Ecology: Predator-Prey and Competition
Nullclines appear constantly in population biology. In the classic Lotka-Volterra predator-prey model, with prey population x and predator population y, the equations are dx/dt = ax − bxy and dy/dt = −cy + dxy. The x-nullcline (prey stops changing) occurs when x = 0 or y = a/b, which is a horizontal line. The y-nullcline (predators stop changing) occurs when y = 0 or x = c/d, which is a vertical line. These two lines carve the plane into four regions with distinct flow directions, and their intersection at (c/d, a/b) is the equilibrium where both populations coexist. The flow around this point circulates, producing the famous boom-and-bust population cycles.
In competition models, where two species compete for the same resources, the nullclines are typically downward-sloping lines. The way these lines cross (or don’t cross) determines whether one species drives the other to extinction or whether coexistence is possible. A nullcline marks the boundary between population growth and decline for each species: above its nullcline, a species’ population is shrinking because resources are insufficient, and below it, the population is growing.
Neuroscience: The FitzHugh-Nagumo Model
One of the most elegant uses of nullclines is in models of how neurons fire. The FitzHugh-Nagumo model, a simplified description of nerve impulse generation, has two variables: a voltage-like variable V and a slower recovery variable W. The V-nullcline is an N-shaped (cubic) curve, and the W-nullcline is a straight line. Their intersection is the neuron’s resting state.
When a stimulus shifts the W-nullcline so that the intersection lands on the middle branch of the N-shaped V-nullcline, the equilibrium becomes unstable and the system begins to orbit around it, producing repetitive spiking that corresponds to a neuron firing over and over. The shape of the cubic nullcline is what creates the sharp, threshold-like behavior of nerve impulses: small perturbations return to rest, but a perturbation large enough to cross the middle branch of the V-nullcline triggers a large excursion that looks like an action potential.
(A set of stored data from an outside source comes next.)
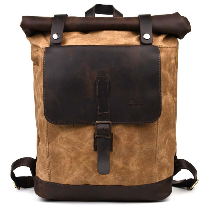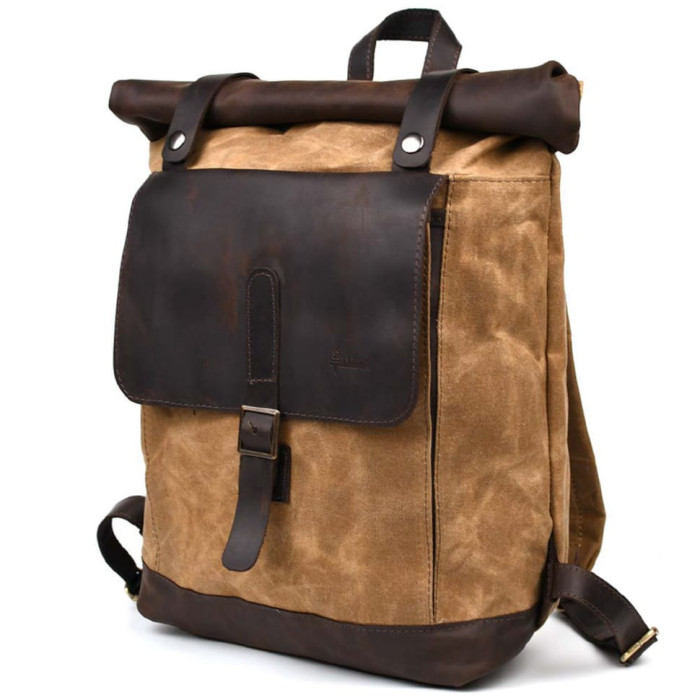Рюкзак з кінської шкіри та вощеного канвасу рол-ап TARWA RCw-5191-3md зовні: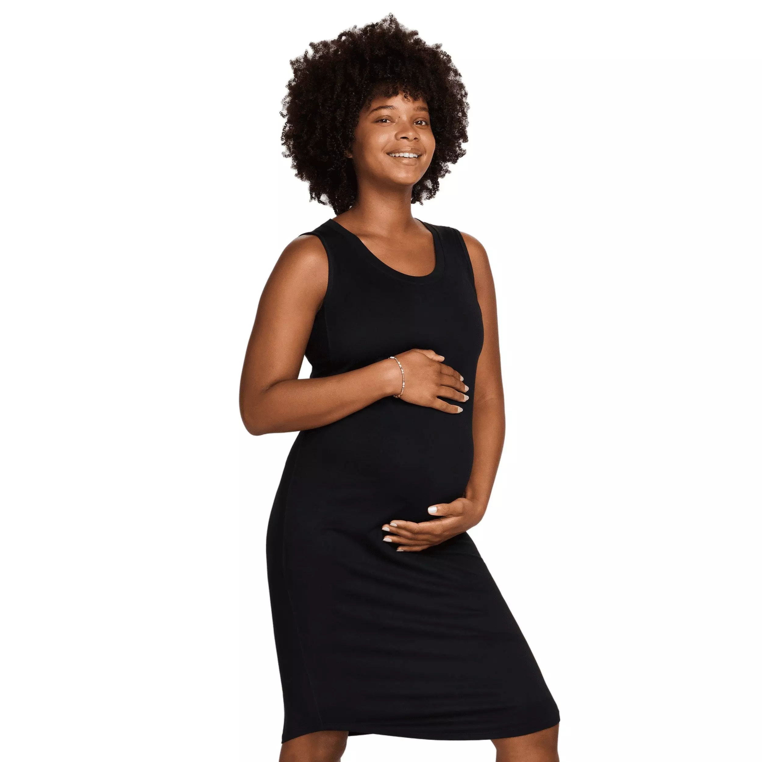 Soft against skin and easy to layer, this black dress moves freely for errands, work, or light activity. Breathable fabric helps manage heat while the minimalist design pairs effortlessly with sneakers or sandals, making it a go-to staple before, during, and after baby.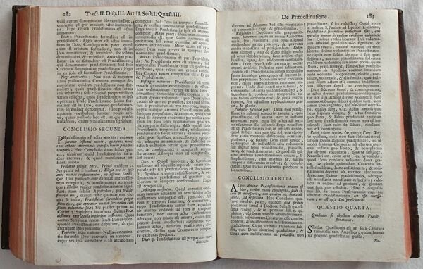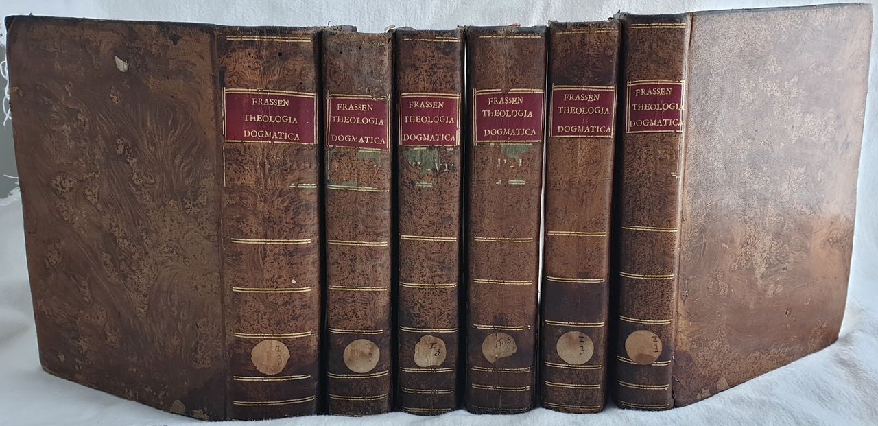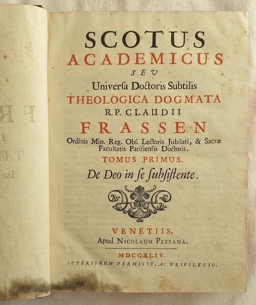 Edizione Pezzana del 1744 di questa celebre opera di Claude Frassen (1620- 1711) teologo scotista francescano e filosofo, importante studioso della filosofia di Johann Duns Scoto. L'opera è formata da 12 tomi rilegati in 5 tomi ed è completa. Questo suo trattato è giustamente considerato una delle più importanti opere di studio sulla teologia di Duns Scoto. Pochi altri commentatori hanno saputo trasmettere come Frassen la semplicità dello stile e la chiarezza del metodo che ha caratterizzato la teologia scotistica. All'interno numerose citazioni dei Padri della Chiesa e un imparziale dichiarazione di tutte le controverse questioni di teologia scolastica. All'inizio del primo volume una lista cronologica e un breve resoconto storico e dogmatico delle eresie dagli inzii dell'era cristiana fino al XV secolo. Tagli rossi. Alcune antiche note manoscritte e in qualche tomo piccolo disegno: ritratto di Frassen. In buone condizioni e completo. Copertina in piena pelle con titolo in oro su tassello al dorso in buone condizioni generali con lievi usure marginali. Legatura in buone condizioni. Pagine in buone condizioni con fioriture. Alcune lievi gore d'umidità marginali. In 8. Dim. 23x17 cm. Pp. (44)+358+(10)+(4)+309+(7)+(4)+205+(7), (4)+302+(10)+(6)+322+(8), (4)+169+(7)+(4)+413+(15), (4)+389+(11)+(4)+305+(13), (4)+601+(15), (4)+349+(11)+(4)+175+(5). Peso Kg. 6Pezzana edition of 1744 of this famosu work by Claude Frassen (1620- 1711) scotist theologist franciscan and phylosopher, important scholar of the phylosophy of Johann Duns Scoto. The work is made up fo 12 tomes bound in in 5 tomes and it is complete. This work is rightly considered one of the most important and scholarly presentations of the theology of Duns Scotus. Few, if any, of the numerous interpreters and commentators of Scotus have succeeded so well as Frassen in combining simplicity of style and clearness of method with that subtleness of thought which characterizes Scotistic theology as a whole. The value of the work is enhanced by frequent quotations from the Church Fathers, and by an impartial statement of all controversial questions in scholastic theology. The first volume is prefaced with a chronological list and a brief historical and dogmatical account of the different heresies from the beginnings of Christianity to the fifteenth century. Some antique handwritten notes and some little drawing of the portrait of Frassen. In good conditions and complete. Copertina in piena pelle con titolo in oro su tassello al dorso in buone condizioni generali con lievi usure marginali. Legatura in buone condizioni. Pagine in buone condizioni con fioriture. Alcune lievi gore d'umidità marginali. In 8. Dim. 23x17 cm. Pp. (44)+358+(10)+(4)+309+(7)+(4)+205+(7), (4)+302+(10)+(6)+322+(8), (4)+169+(7)+(4)+413+(15), (4)+389+(11)+(4)+305+(13), (4)+601+(15), (4)+349+(11)+(4)+175+(5). Peso Kg. 6 Full leather cover with gilted spine title leather label in good general conditions lightly worn in the extremities. Binding in good conditions. Inside pages are in good conditions with foxing. Some dump stains in the extremities. In 8. Dim. 23x17 cm. Pp. (44)+358+(10)+(4)+309+(7)+(4)+205+(7), (4)+302+(10)+(6)+322+(8), (4)+169+(7)+(4)+413+(15), (4)+389+(11)+(4)+305+(13), (4)+601+(15), (4)+349+(11)+(4)+175+(5). Weight Kg. 6

How Parameter Changes Shift the Picture
Nullclines depend on the parameters in your equations, so changing a parameter reshapes one or both nullclines. This can move intersection points, create new ones, or destroy existing ones. When two equilibrium points merge and vanish as a parameter is tuned, that’s a saddle-node bifurcation. When a stable equilibrium becomes unstable and spawns oscillations, that’s the Hopf bifurcation mentioned earlier. In both cases, the qualitative shift in behavior is visible as a geometric change in how the nullclines relate to each other.
This is what makes nullcline analysis so useful in practice. You don’t need to solve the differential equations (which is often impossible analytically). Instead, you sketch the nullclines, identify their intersections, determine the flow direction in each region, and read off the system’s long-term behavior directly from the geometry. Changing a parameter and re-sketching the nullclines lets you see exactly how and why the system’s behavior changes.